World Immunisation Week | Part 2 | Immunity

Immunity

Immunity is derived from Latin word – immunis, meaning free from burden. Burden refers to diseases caused by micro-organisms or their toxic products.

Therefore, immunity is defined as the resistance exhibited by the host towards infection caused by micro-organisms or their product (toxins).

This is based on the property of self and non-self recognition, which means immunity is carried out by the process of recognition and disposal of non-self or materials that enter the body.


Types of Immunity

Basically, immunity is of two types: Innate (non-specific) and Acquired (specific)

Innate immunity:

An individual is born with innate immunity. Genetic and constitutional make up of an individual contributes to innate immunity. This kind of immunity has no relationship with previous bacterial infection and immunization. It acts as a first line of defense against infections, micro-organisms, their products before they cause disease.

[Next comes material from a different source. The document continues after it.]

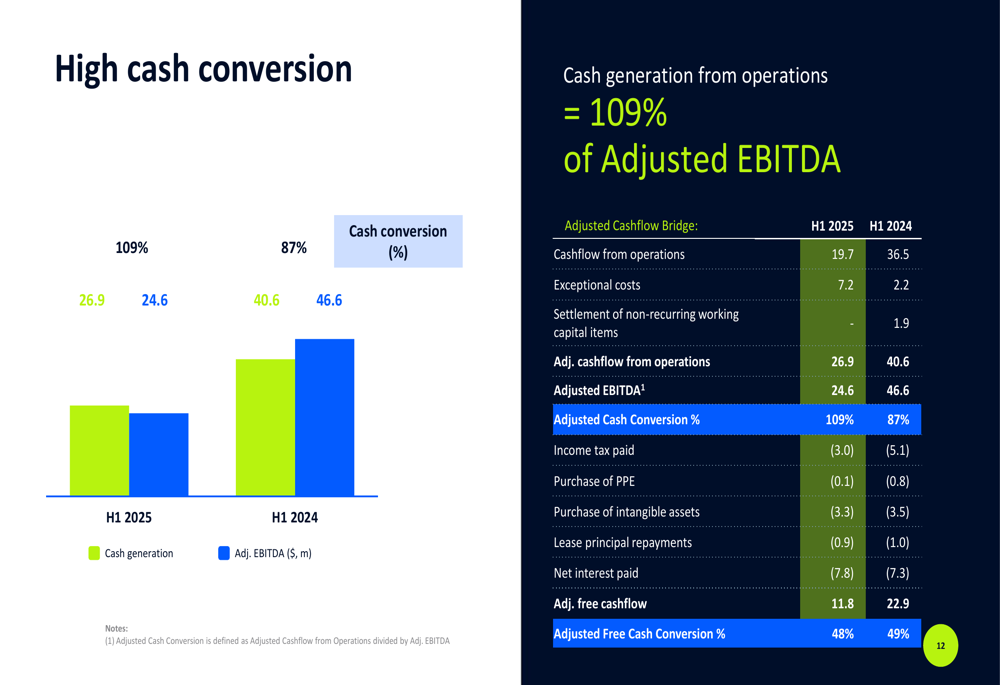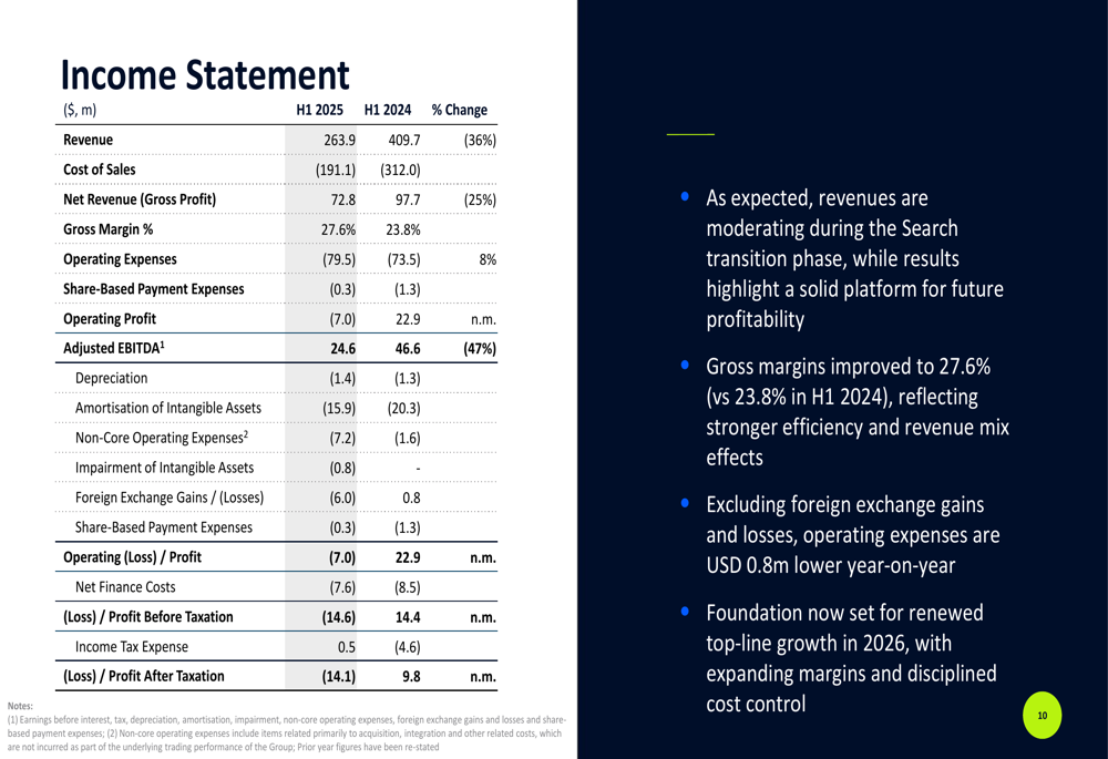 The income statement reveals the extent of the revenue and profit decline, though the company highlighted improved gross margins of 27.6% compared to 23.8% in H1 2024. Operating expenses decreased by $0.8 million year-on-year, excluding foreign exchange impacts.

Different mechanisms through which innate or non-specific immunity is expressed includes

  1. Anatomical and physical barriers (like skin, mucus membrane)
  2. Physiological and chemical barriers (like human milk, gastric juice, saliva)
  3. Biological barriers (for example phagocytosis)
  4. General barriers (that could be age-related, racial, or individual immunity)

Acquired immunity:

Acquired immunity, as the name suggests, is developed later in life. It is also referred to as Adaptive immunity as it is highly adaptive and has four characteristic features:

  1. antigen specificity,
  2. diversity,
  3. immunological memory, and
  4. recognition of self from non-self

Since the components of acquired immunity such as antibodies and T-cells are specific to particular micro-organisms, it is also called as Specific immunity.

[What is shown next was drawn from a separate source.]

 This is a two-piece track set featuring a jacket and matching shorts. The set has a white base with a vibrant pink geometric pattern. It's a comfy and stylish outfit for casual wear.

Acquired or adaptive or specific immunity is of two types; Active (where individual’s own immune system produces antibodies), and Passive (wherein the antibodies produced in another person or an animal are transferred to produce immunity)

Types of Immunity

Both, active and passive types could either be natural or artificial;

  • Natural active immunity (wherein immunity is provided by natural exposure or infection),
  • Artificial active immunity (wherein antigens are deliberately introduced through a vaccine)
  • Natural passive immunity (wherein antibodies from mother are transferred to her child across the placenta and through her milk),
  • Artificial passive immunity (where antibodies produced in or by another person or an animal are injected)
Immunity Classification

Having known about the immunity and types of immunity, let us try to understand another term, which is trending a lot, presently, and that is Herd Immunity.


Herd immunity

When a large part of a population of an area is immune to an infectious disease, this provides indirect protection to those who are not immune to the disease, since the infective agents have nowhere to spread more. Hence it is called as population immunity, or community immunity, or herd immunity, or herd protection).

Herd immunity protects at-risk populations including babies and those having weak immune system and can’t get resistance on their own.